Objective: This study investigates the effects of prognostic targeting on the required sample size to achieve 70% to 90% power in early post-stroke RCTs with upper extremity capacity measured with the Action Research Arm Test (ARAT) as the outcome.
Patients and methods: Serial data from 4 prospective cohort studies (N = 372 stroke patients) were pooled, with assessments from week 1 to 6 months post-stroke. Using this dataset, we generated synthetic 6-month ARAT outcomes and analyzed data cross-sectionally and longitudinally, with and without prognostic targeting based on a pre-existing prognostic model predicting 6-month outcome. We then calculated power for different sample sizes and assessed trial efficiency, determined by the estimated sample size and inclusion rate.

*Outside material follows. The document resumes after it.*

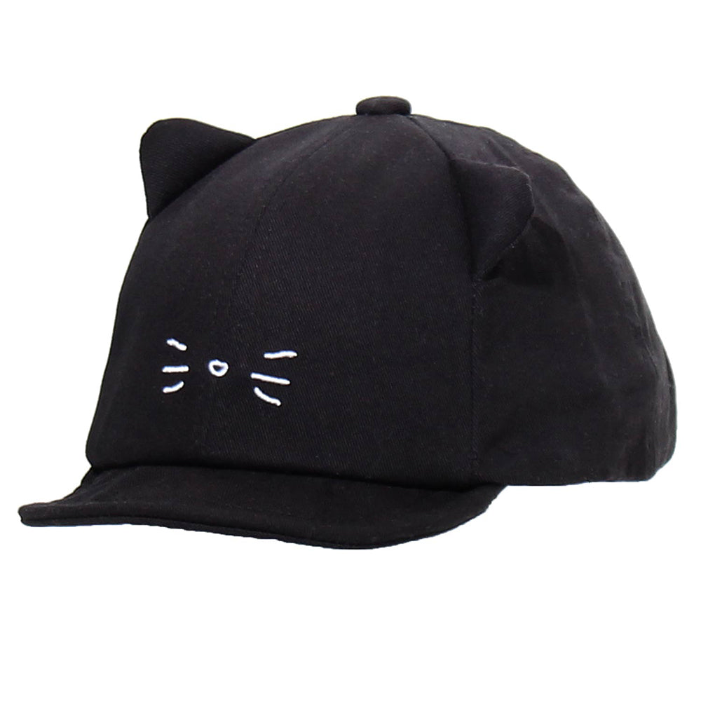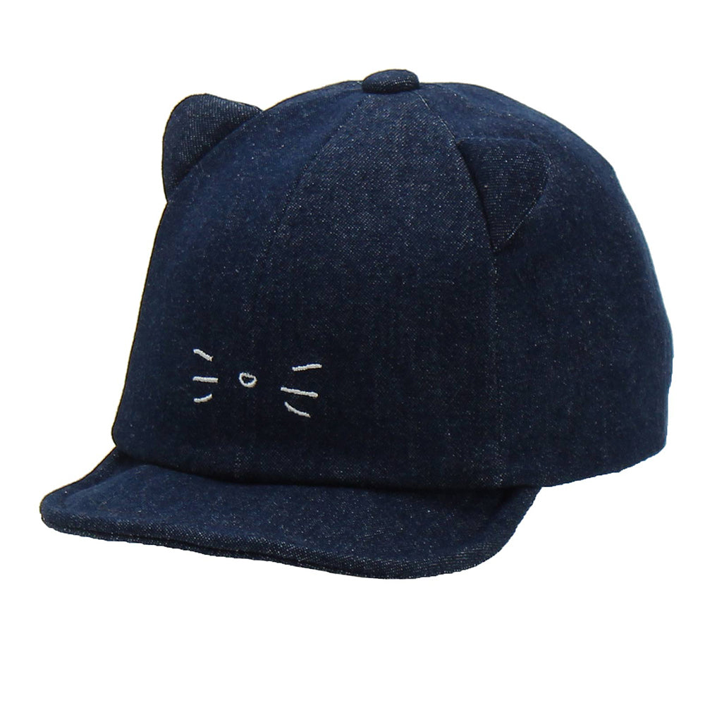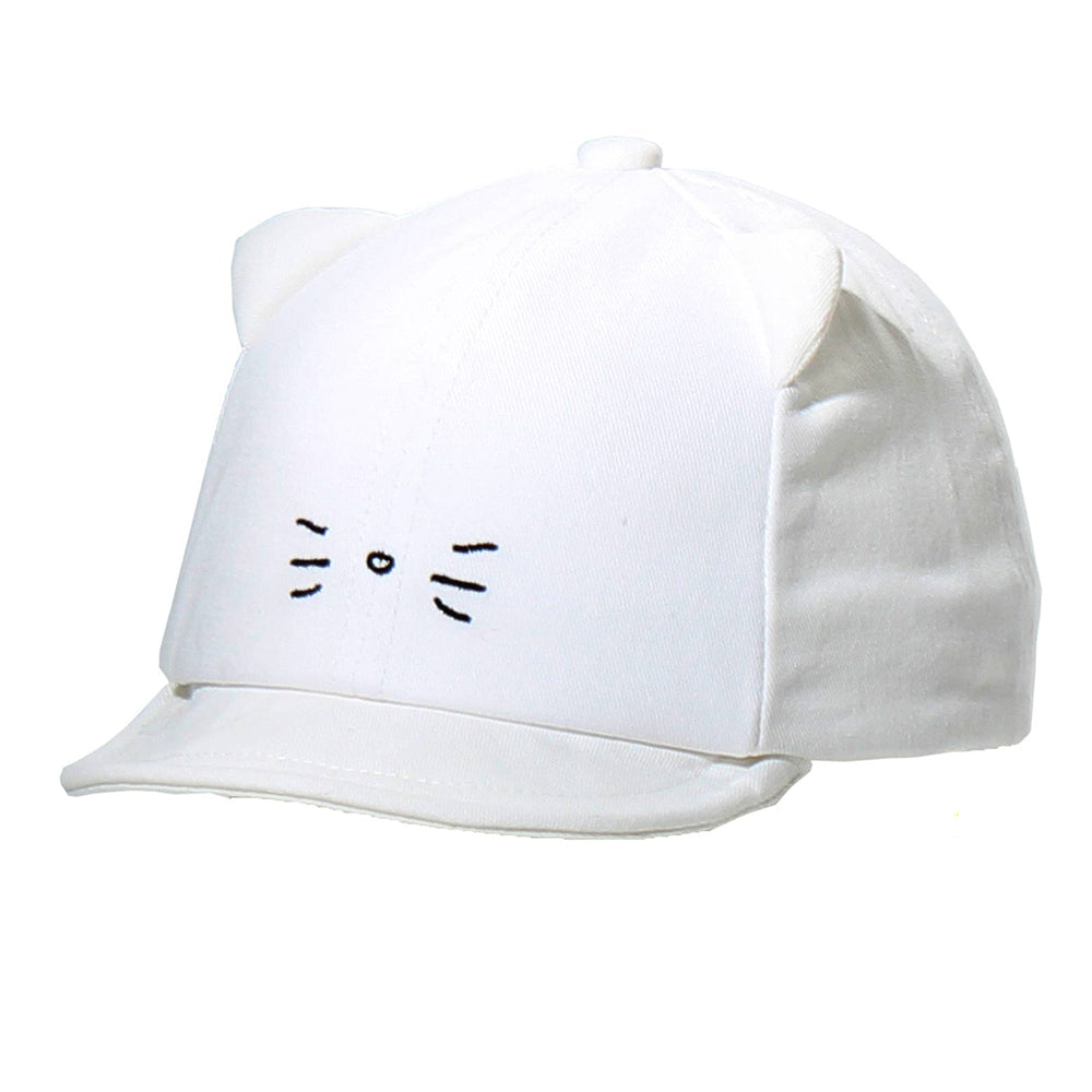 猫耳デザインがキュートなキッズ用キャップです。小ぶりの猫耳と小さなおひげがとっても可愛い!あご紐も付いていますので、走ったりしても脱げにくい。とてもキュートで愛らしいデザインです!

Results: Prognostic targeting within 3 weeks post-stroke theoretically reduced the required sample size by up to 56% and improved trial efficiency by 40 to 45% for detecting a 6-point ARAT difference at 6 months. The targeted trials needed 220, 270, and 360 patients vs. 470, 560, and 820 in non-targeted trials for 70% to 90% power. Benefits persisted in longitudinal analyses.
Conclusion: This study demonstrates the benefits of prognostic targeting for improving power and efficiency in early post-stroke upper extremity trials using ARAT as outcome. We strongly recommend its use in future stroke rehabilitation and recovery studies.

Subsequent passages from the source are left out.